Wie gefährlich die Fokussierung auf
eine hohe Dividendenrendite und -historie sein kann, verdeutlicht Dow an einem Vergleich
zwischen Microsoft und RWE:
„Im Jahr 2011 hatte RWE eine Dividendenrendite von über 7 Prozent. Auch waren
seine Dividenden über mehrere Jahre hinweg stetig gestiegen. Also eine
scheinbar perfekte Aktie für „Income“-orientierte Anleger. Im Gegensatz dazu
lag die Anfangsrendite von Microsoft bei nur 2,3 Prozent, stieg jedoch jedes
Jahr um 10 Prozent. Eine Investition von 100 Euro hätte in diesem Zeitraum zu
Ausschüttungen von 57 Euro geführt, verglichen mit 26 Euro bei RWE (siehe Chart
anbei).
Wie falsch eine einseitige Fokussierung auf die Dividendenrendite gewesen wäre,
wird noch deutlicher, wenn man das langfristige Wachstum von Microsoft mit dem
von RWE vergleicht: Während zwischen 2011 und 2022 der Kurs von RWE um 12,2
Prozent gesunken ist, ist der von Microsoft um 760 Prozent gestiegen.“
Dow appelliert daher an Dividendenanleger, längerfristig zu denken: „Als
Dividendeninvestoren haben wir einen langen Zeithorizont. Wir wollen unseren
Kunden dabei helfen, ihren Ruhestand über 30 Jahre zu finanzieren, eine Stiftung
für wohltätige Zwecke zu gründen oder ein anderes finanzielles Ziel zu
erreichen, das sich über Jahrzehnte erstreckt - nicht nur über ein einziges
Jahr. Wir müssen unsere Denkweise auf diesen Zeithorizont ausrichten und
langfristige Erträge, nicht kurzfristige Renditen, finden.“
Mahmood Pradhan, Head
of Global Macro Economics, Anna Rosenberg, Head of Geopolitics, und Francesco
Sandrini, Head of Multi-Asset Strategies analysiert die Folgen des
Ukraine-Krieges:
„Der
Westen schickt Kampfpanzer in die Ukraine, um einer erneuten russischen
Offensive entgegenzuwirken. Unserer Meinung nach erhöht dieser Schritt das
Risiko einer direkten Eskalation zwischen Russland und dem Westen, die
Wahrscheinlichkeit eines langwierigen Krieges bleibt hoch. Wie geht es weiter?

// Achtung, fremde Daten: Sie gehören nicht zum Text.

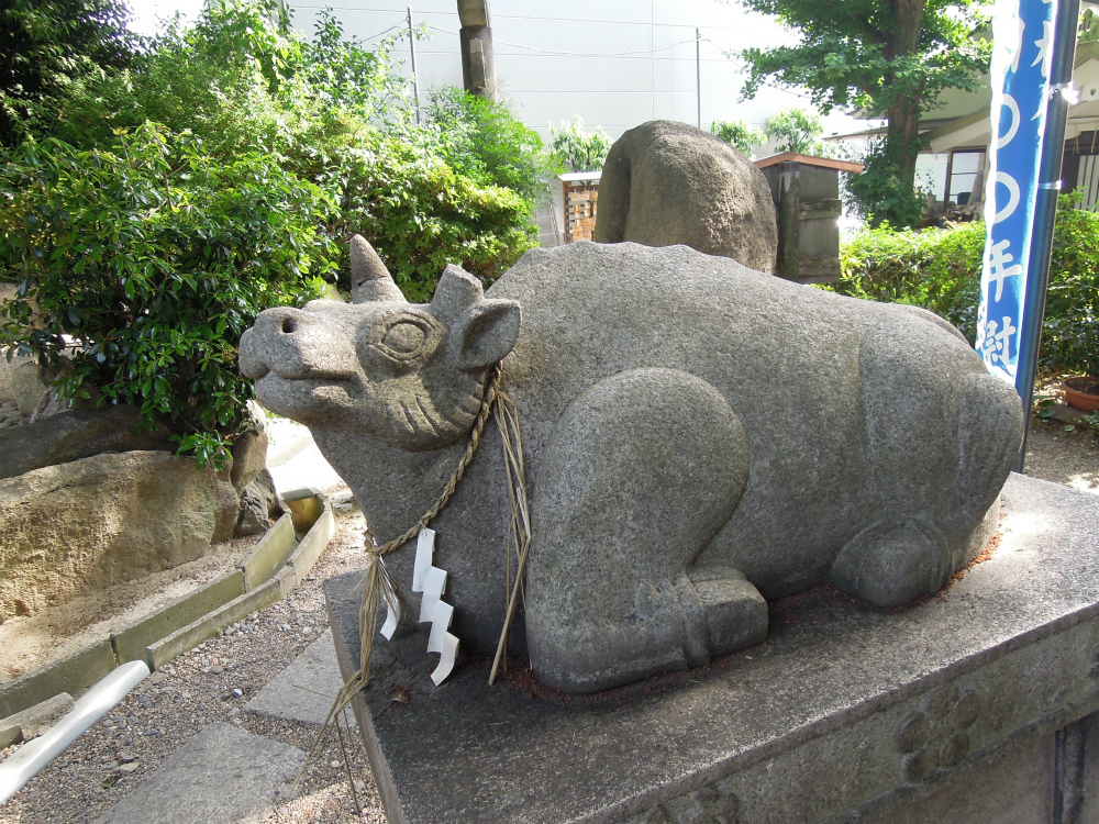 牛像もあるので天神さんも入っているのかしらと思ったら「梅鉢紋」がばっちり。

Die meisten modernen Konflikte münden in Verhandlungen, wenn beide Seiten
hinreichend erschöpft sind. Wir denken, die Möglichkeit eines Waffenstillstands
Ende 2023 oder Anfang 2024 wird aktuell gemeinhin unterschätzt.
Die
drei wahrscheinlichsten Szenarien
- Lange andauernder Krieg (30 Prozent Wahrscheinlichkeit): Der
Westen und Russland driften weiter auseinander, der wirtschaftliche Anreiz für
einen Frieden schwindet.
- Waffenstillstand (30 Prozent Wahrscheinlichkeit): Ende 2023/
Anfang 2024 könnten Erschöpfung auf beiden Seiten, hohe Zinsen und Preise den
Druck auf westliche Politiker verstärken, Verhandlungen aufzunehmen.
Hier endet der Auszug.